Let's get tricky, now. What if the victim and the murderer have the same insurance corporation. With whom does the security company arbitrate? Itself? I submit that how that goes – a living rich policy holder vs. a dead poor one – is pretty obvious.

Trickier, still. What's to prevent a rich person from having several policies? That way, the security corporation persecuting the case will always be the same one defending it, too.

Even tricker, yet. What does a rich person even need a security corporation for in the first place? Why not just make a little fortress. Let them try and come and get you. The risk analysis becomes much easier if to get the perp you've got to fight a mercenary army, especially if victory isn't assured.

The short answer: the rich can get away with murder.

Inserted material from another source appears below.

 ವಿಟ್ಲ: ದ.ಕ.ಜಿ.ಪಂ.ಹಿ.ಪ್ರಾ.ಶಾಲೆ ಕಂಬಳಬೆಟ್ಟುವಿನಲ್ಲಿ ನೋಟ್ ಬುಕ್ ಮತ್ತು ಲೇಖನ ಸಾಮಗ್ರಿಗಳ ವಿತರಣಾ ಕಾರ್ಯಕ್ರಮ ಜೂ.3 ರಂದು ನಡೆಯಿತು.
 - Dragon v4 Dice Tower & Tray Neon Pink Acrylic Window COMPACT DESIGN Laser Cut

Right now, of course, the state controls this by maintaining a monopoly on violence. Not even Bill Gates can afford to do battle with the US government. Not even General Motors. The government would stop them from developing the military infrastructure to fight the government long before it occurred. So, even if the people over at GM wanted to, they couldn't just . . . level a neighborhood regardless of who's in it because they know that the police insurance firms for poor people aren't capable much less willing to try to fight the GM security force.

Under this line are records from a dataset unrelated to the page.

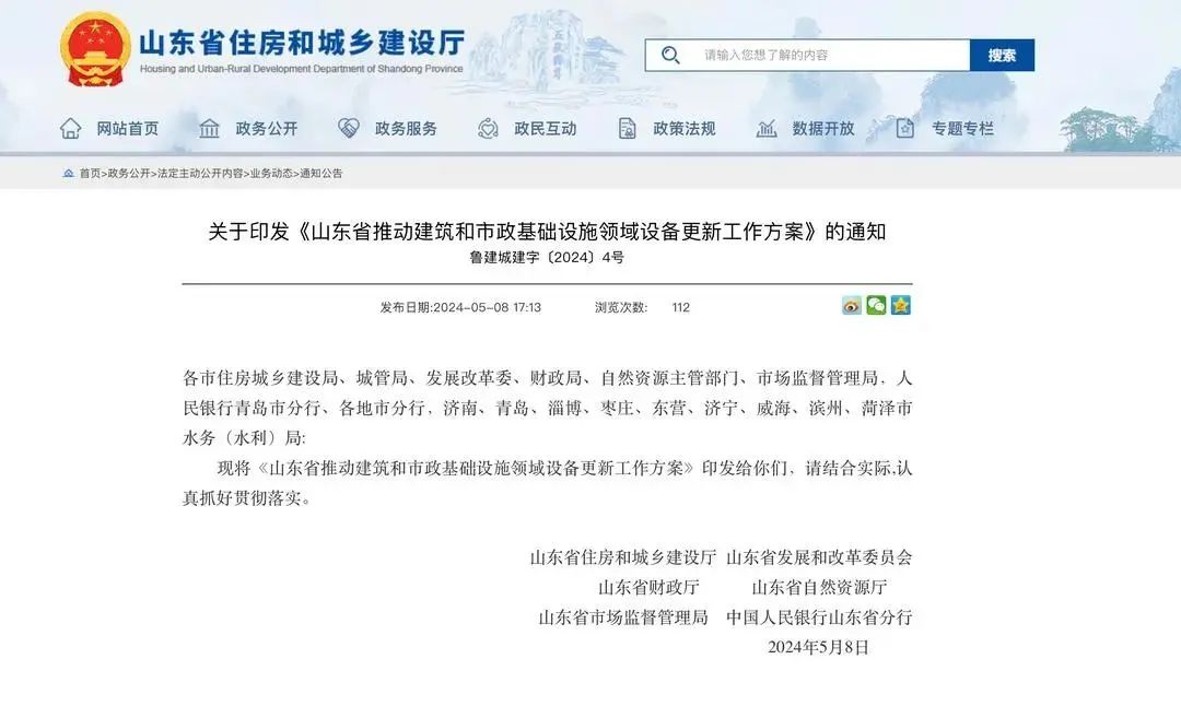 5月8日,省住房城乡建设厅、省发展改革委、省财政厅、省自然资源厅、省市场监督管理局、中国人民银行山东省分行6部门联合印发《山东省推动建筑和市政基础设施领域设备更新工作方案》(后简称《方案》)。《方案》明确,今年全省加装既有住宅电梯1500部,更新(改造、大修)住宅老旧电梯2000部以上,2027年全省建筑和市政基础设施领域设备投资规模较2023年增长28%以上。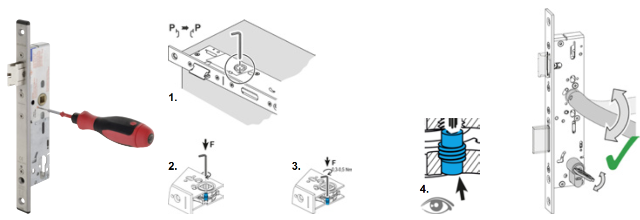 Hierzu Fallenriegel durch Betätigung des Auslösehebels in Riegelposition bringen, anschließend Siegeletikett an markierter Stelle mit Drehmomentschlüssel durchstoßen und Panikstift bis zum Anschlag drehen. Abschließend Panikfunktion unbedingt auf einwandfreie Funktion prüfen!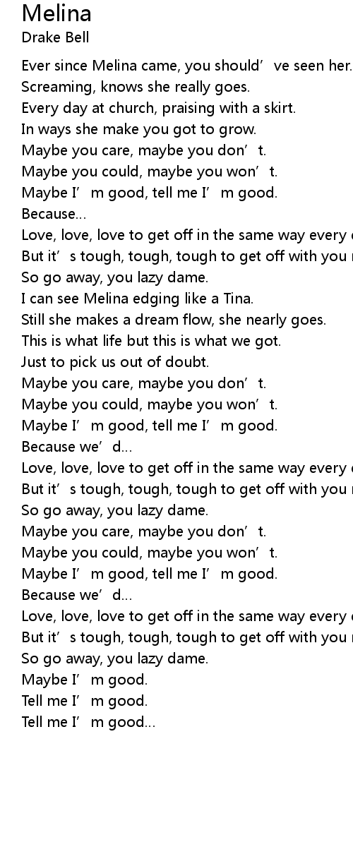 | Maybe I’m good, tell me I’m good. | |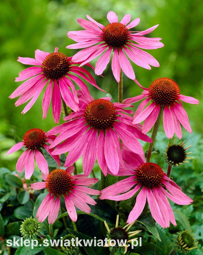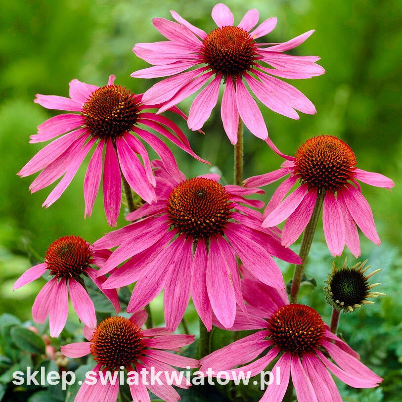 Jeżówka różowa Magnus to bylina, która przykuje uwagę do ślicznie ułożonych na końcach sztywnych łodyg koszyczków. Rewelacyjnie prezentujące się jeżówki to prawdziwy skarb ogrodnika. Są bardzo proste w uprawie, długo kwitnące i odporne na choroby. Wysokie, rozgałęzione kępy z ciemnozielonymi, lancetowatymi liśćmi przystrojone są kwiatostanami o różowo-purpurowej barwie. Ich urocze oblicza dekorują ogród od lipca do października. Jest to roślina idealnie komponująca się na rabacie bylinowej z odętką, rudbekią, przetacznikami, floksami czy smukłą ostróżką. Jeżówki to dobrej jakości kwiaty cięte. Ich kolczaste środki to materiał do suszenia i wykorzystywania w trwałych dekoracjach. Grupa jeżówek jest świetną propozycją do zasadzenia na naturalistycznej rabacie albo w okolicy łączki kwietnej. Jeżówki są coraz chętniej wprowadzane do zieleni miejskiej. Dekorują parkowe klomby i pasy zieleni przy ulicach.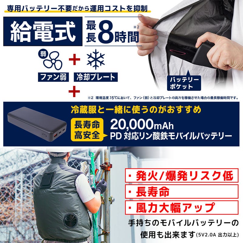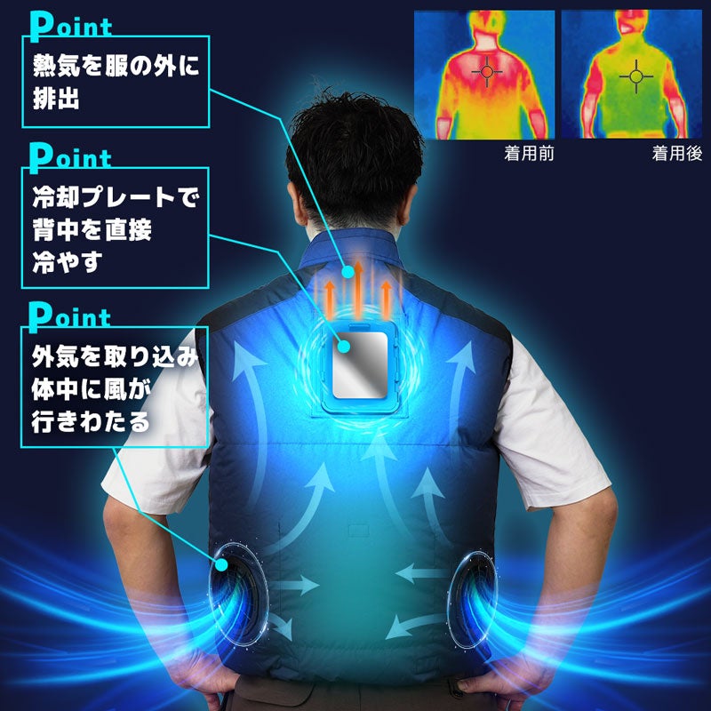 本製品は、環境温度から最大-19度冷える冷却プレートと、風が循環するファンを搭載した冷却ウェアです。

The anarcho-capitalist answer is that, y'know, they wouldn't fight like that because it isn't profitable. Because we know that corporations haven't encouraged and fought wars before, or something. Let's face it, war is profitable if you can win it.

In Condotierri, the premise is that society has moved very far towards an anarcho-capitalist society in this fashion, and it explores the idea of corruption in such a society.